The data below contains pictures, which are to be skipped; the lines starting at the line with "横浜市営の駐輪場管理を行う(株)匠の里が" and ending at the line with "2K Crystal-Clear Image" are to be output exactly, both ends included.

== Segment start ==

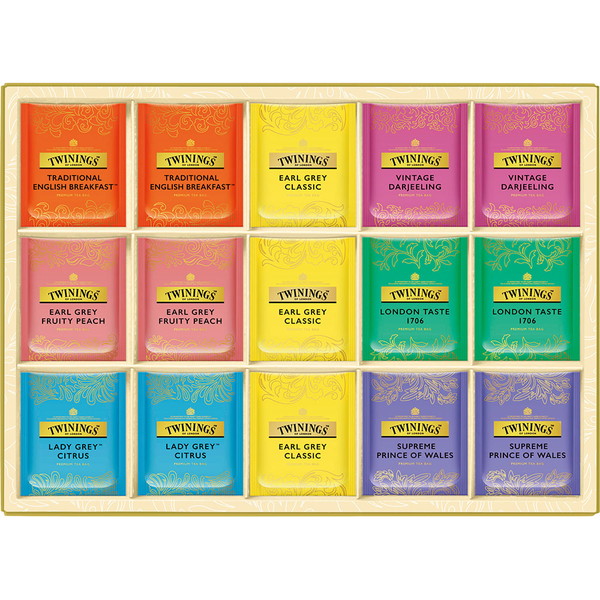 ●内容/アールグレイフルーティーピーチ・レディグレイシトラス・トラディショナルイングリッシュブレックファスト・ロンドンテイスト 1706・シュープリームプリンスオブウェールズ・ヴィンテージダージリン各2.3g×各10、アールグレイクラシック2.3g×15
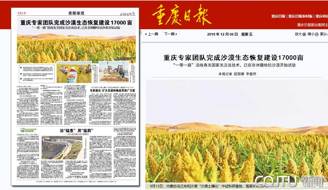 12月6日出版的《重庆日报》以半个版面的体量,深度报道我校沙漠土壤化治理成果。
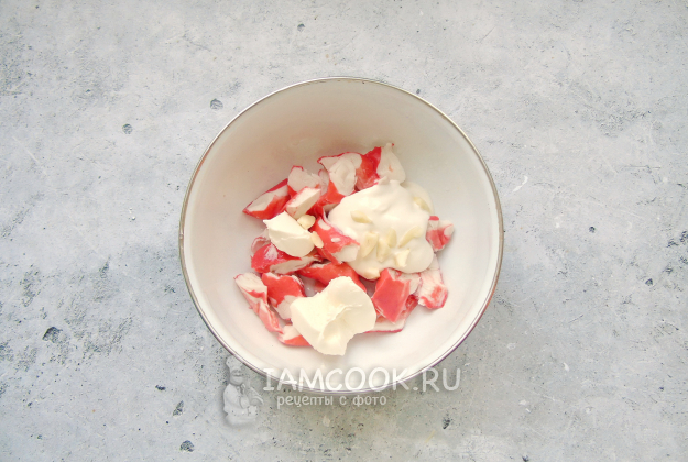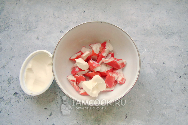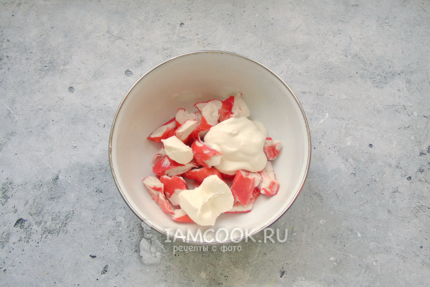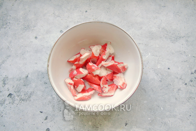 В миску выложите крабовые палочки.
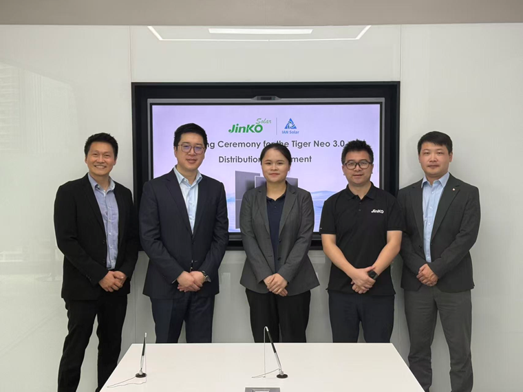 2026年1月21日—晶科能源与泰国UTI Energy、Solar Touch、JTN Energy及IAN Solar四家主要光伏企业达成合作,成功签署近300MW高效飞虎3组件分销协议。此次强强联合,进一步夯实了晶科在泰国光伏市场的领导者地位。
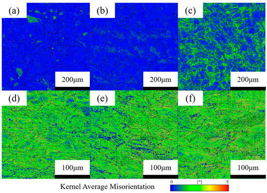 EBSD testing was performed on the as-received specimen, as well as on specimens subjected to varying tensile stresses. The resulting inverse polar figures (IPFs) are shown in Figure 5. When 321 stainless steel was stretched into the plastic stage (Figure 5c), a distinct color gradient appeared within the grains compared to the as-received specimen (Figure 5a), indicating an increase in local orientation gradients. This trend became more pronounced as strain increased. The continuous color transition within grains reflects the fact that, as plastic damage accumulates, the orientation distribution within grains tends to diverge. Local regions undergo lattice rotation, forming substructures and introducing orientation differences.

== Segment end ==
== Segment start ==

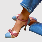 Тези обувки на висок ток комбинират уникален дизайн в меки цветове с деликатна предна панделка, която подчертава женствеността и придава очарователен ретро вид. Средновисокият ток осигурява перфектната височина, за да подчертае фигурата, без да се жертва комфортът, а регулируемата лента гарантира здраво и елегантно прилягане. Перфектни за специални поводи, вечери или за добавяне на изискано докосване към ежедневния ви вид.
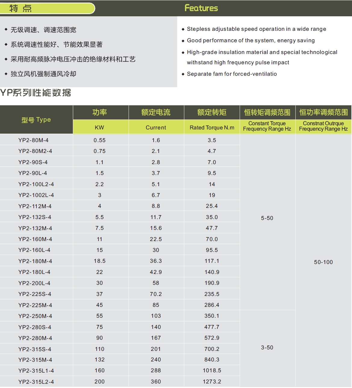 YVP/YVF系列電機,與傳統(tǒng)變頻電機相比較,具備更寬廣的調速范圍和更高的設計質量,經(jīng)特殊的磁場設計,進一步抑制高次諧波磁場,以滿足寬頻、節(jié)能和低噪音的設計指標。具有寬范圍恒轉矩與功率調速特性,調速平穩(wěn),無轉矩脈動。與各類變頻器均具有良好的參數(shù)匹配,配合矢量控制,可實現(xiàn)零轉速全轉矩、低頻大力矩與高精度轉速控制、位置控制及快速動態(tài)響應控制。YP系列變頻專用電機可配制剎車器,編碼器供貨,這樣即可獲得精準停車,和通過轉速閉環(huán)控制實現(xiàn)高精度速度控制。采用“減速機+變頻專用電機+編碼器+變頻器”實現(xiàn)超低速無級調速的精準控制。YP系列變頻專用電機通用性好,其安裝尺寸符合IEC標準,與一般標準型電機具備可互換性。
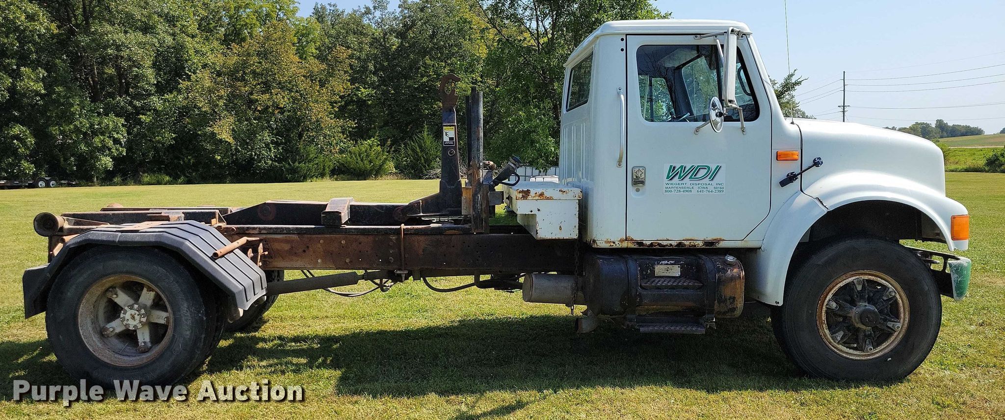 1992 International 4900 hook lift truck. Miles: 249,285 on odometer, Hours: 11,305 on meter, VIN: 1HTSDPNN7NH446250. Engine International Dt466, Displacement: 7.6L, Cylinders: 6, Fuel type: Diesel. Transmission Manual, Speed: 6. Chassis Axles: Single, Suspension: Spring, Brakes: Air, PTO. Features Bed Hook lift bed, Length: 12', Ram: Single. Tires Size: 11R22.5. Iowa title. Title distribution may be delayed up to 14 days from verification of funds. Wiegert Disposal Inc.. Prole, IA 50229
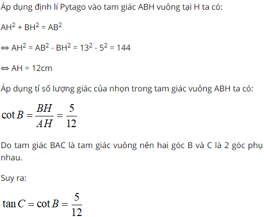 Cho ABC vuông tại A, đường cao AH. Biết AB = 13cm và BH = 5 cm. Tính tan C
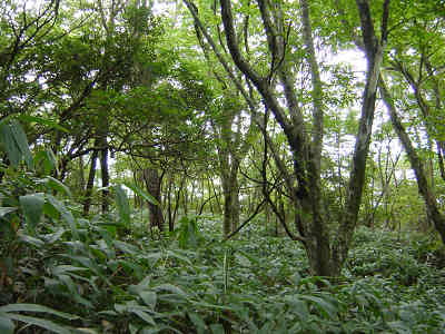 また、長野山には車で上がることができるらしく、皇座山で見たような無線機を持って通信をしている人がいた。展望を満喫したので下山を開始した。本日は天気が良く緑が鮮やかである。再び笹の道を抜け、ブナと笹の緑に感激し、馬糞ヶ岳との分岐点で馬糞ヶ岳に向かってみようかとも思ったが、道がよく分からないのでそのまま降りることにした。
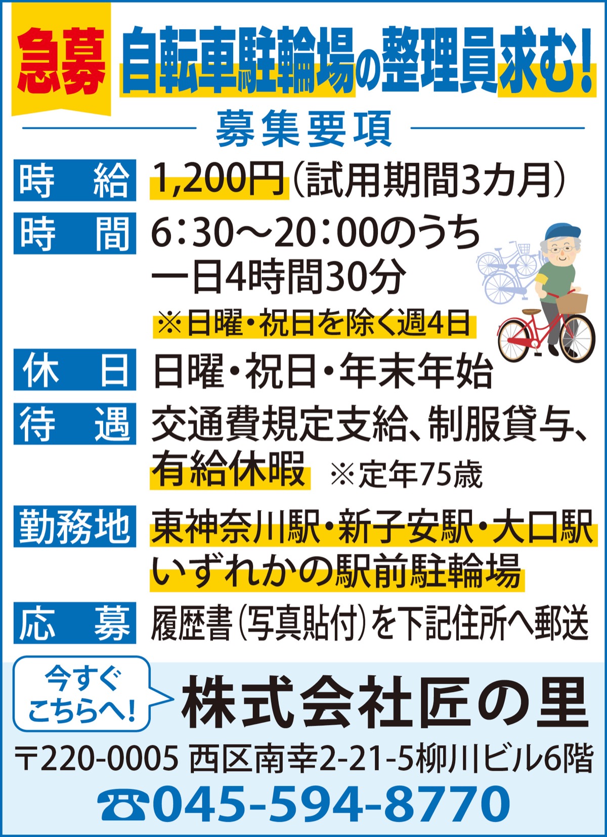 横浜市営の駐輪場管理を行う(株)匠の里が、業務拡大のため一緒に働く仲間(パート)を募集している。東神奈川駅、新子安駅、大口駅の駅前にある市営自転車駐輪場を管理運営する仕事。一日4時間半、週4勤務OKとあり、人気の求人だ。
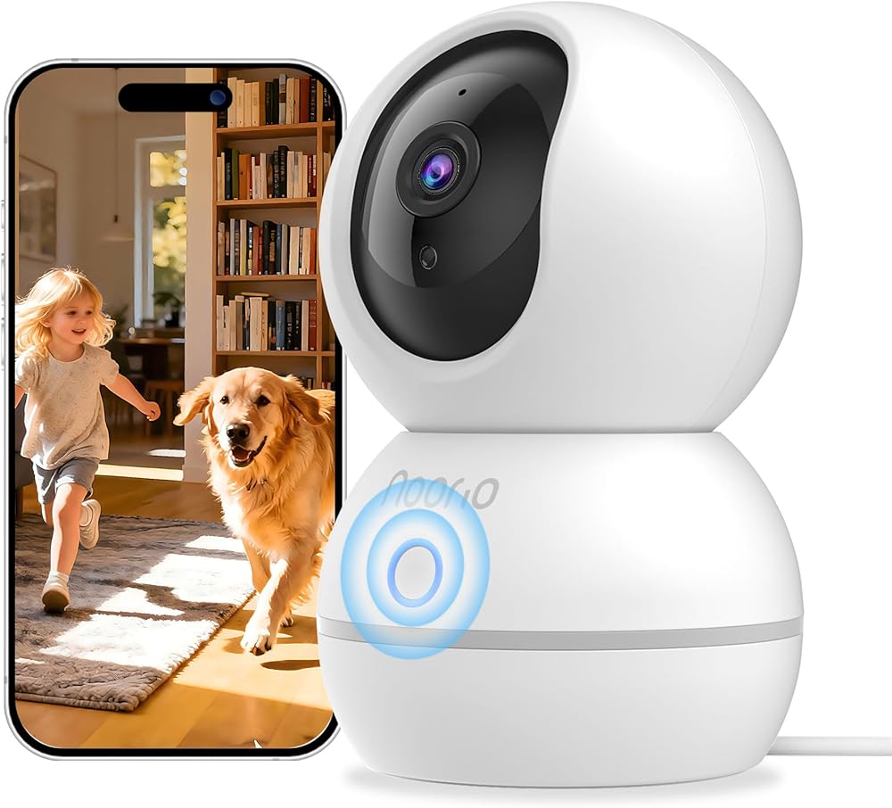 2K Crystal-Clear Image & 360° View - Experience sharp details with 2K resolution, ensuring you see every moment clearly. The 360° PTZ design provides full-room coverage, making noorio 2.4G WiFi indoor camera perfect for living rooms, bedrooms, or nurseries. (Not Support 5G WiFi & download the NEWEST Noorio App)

== Segment end ==

Your response:
 横浜市営の駐輪場管理を行う(株)匠の里が、業務拡大のため一緒に働く仲間(パート)を募集している。東神奈川駅、新子安駅、大口駅の駅前にある市営自転車駐輪場を管理運営する仕事。一日4時間半、週4勤務OKとあり、人気の求人だ。
 2K Crystal-Clear Image & 360° View - Experience sharp details with 2K resolution, ensuring you see every moment clearly. The 360° PTZ design provides full-room coverage, making noorio 2.4G WiFi indoor camera perfect for living rooms, bedrooms, or nurseries. (Not Support 5G WiFi & download the NEWEST Noorio App)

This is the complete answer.